Inherit from GiftyBaseSpider to minimize template code.

from gifty_scraper.base_spider import GiftyBaseSpider

class MyShopSpider(GiftyBaseSpider):
    name = "my_shop"        # Unique name for console execution
    allowed_domains = ["myshop.ru"]
    site_key = "myshop"    # Key used by the scheduler to find this spider

    def parse_catalog(self, response):
        # Locate product card containers
        items = response.css('.product-card')

        for item in items:
            yield self.create_product(
                title=item.css('.title::text').get().strip(),
                product_url=response.urljoin(item.css('a::attr(href)').get()),
                price=item.css('.price-value::text').re_first(r'(\d+)'),
                image_url=item.css('img::attr(src)').get(),
                merchant="My Shop",
                raw_data={"source": "scrapy_v1"}
            )

        # Handle pagination (if strategy="deep")
        if self.strategy == "deep":
            next_page = response.css('a.next-btn::attr(href)').get()
            if next_page:
                yield response.follow(next_page, self.parse_catalog)

🛠️ Testing and Debugging

Use the provided script to verify logic without running the full infrastructure (Docker/API):

python3 scripts/test_spider.py my_shop "https://myshop.ru/catalog" --limit 10
  • --limit: Limits collection (e.g., first 10 items).
  • --output: Result filename (defaults to test_results.json).

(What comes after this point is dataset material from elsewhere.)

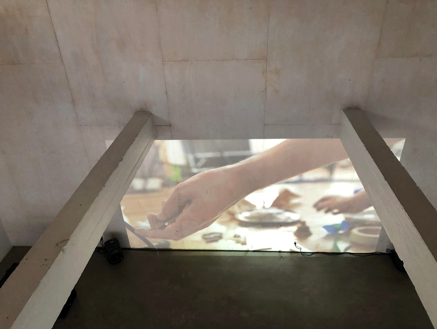 For example, I placed a single speaker at the top of the stairwell—facing its curved wall—that was dedicated to diffusing highly articulated object sounds, derived from my video etudes: Small Objects / Small Gestures. These sounds, which to my ears seemed as though they were being performed by “someone,” could be heard distinctly from any position in the gallery, but unless a visitor happened to be in the stairwell, it was not possible to know the sounds’ source, or who or what might be generating them. I also placed a line of loudspeakers along the upstairs walkway wall, and though the speakers were backlit, they were not readily visible, unless one happened to discover them by walking up the gallery stairs. Of course, the sounds diffused by the loudspeakers— mostly drones, multi-pitched feedback, and pitched-down rustling paper sounds— were clearly audible everywhere in the space. Nonetheless, an additional sonic separation/dislocation took place; depending on the location of the listener, only the upper partials of the drones could be heard coming from the speaker line, while the fundamental pitch emerged from the large subwoofer that was located downstairs in the first floor main gallery space. Other sonic and visual aspects of the exhibition included repeating elements that did not link up in terms of scale or timeline (or if they did, they only did so by chance).
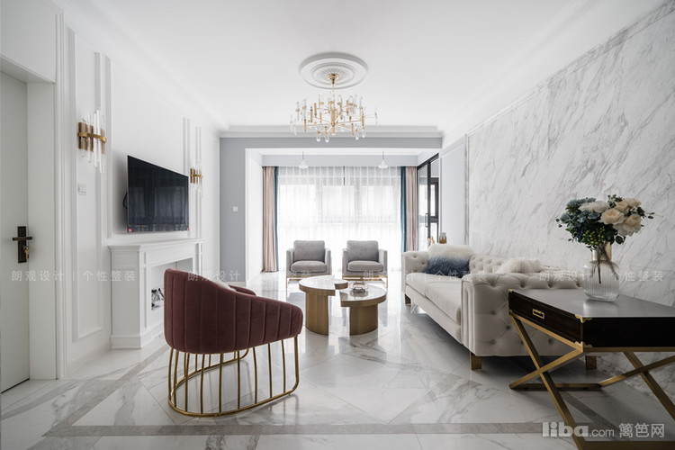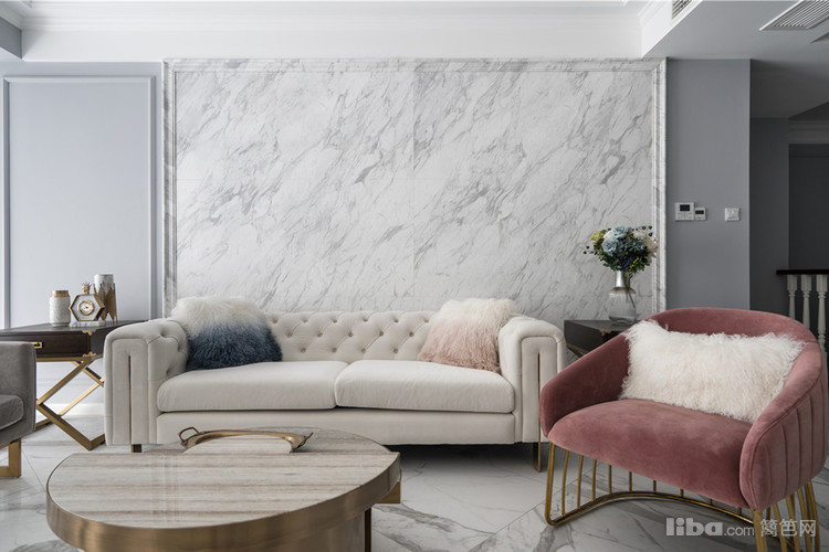 装饰着大理石的沙发背景墙,留白至简的格局,使得整个空间极富感染力,营造出一种低调的奢华美感。

Check the generated JSON file — if it contains data, your selectors are working correctly.


⛓️ System Registration

To enable the system to use the new spider automatically:

1. Update the Worker

Open services/run_worker.py and add your class to the SPIDERS dictionary:

from gifty_scraper.spiders.my_shop import MyShopSpider

SPIDERS = {
    "mrgeek": MrGeekSpider,
    "myshop": MyShopSpider,  # <-- Add here
}

2. Add Source to Database

To start receiving tasks from the scheduler, create an entry in the parsing_sources table:

INSERT INTO parsing_sources (url, type, site_key, priority, refresh_interval_hours, is_active)
VALUES ('https://myshop.ru/catalog', 'list', 'myshop', 50, 24, true);

💡 Best Practices

  1. Throttling: Default delay is 1s. If blocked, increase DOWNLOAD_DELAY in settings.py.
  2. CSS vs XPath: Use CSS selectors wherever possible for better readability.
  3. Images: Always ensure image_url is an absolute URL (use response.urljoin).
  4. Batching: Our Pipeline automatically batches items (default 50) before sending them to the API to save resources.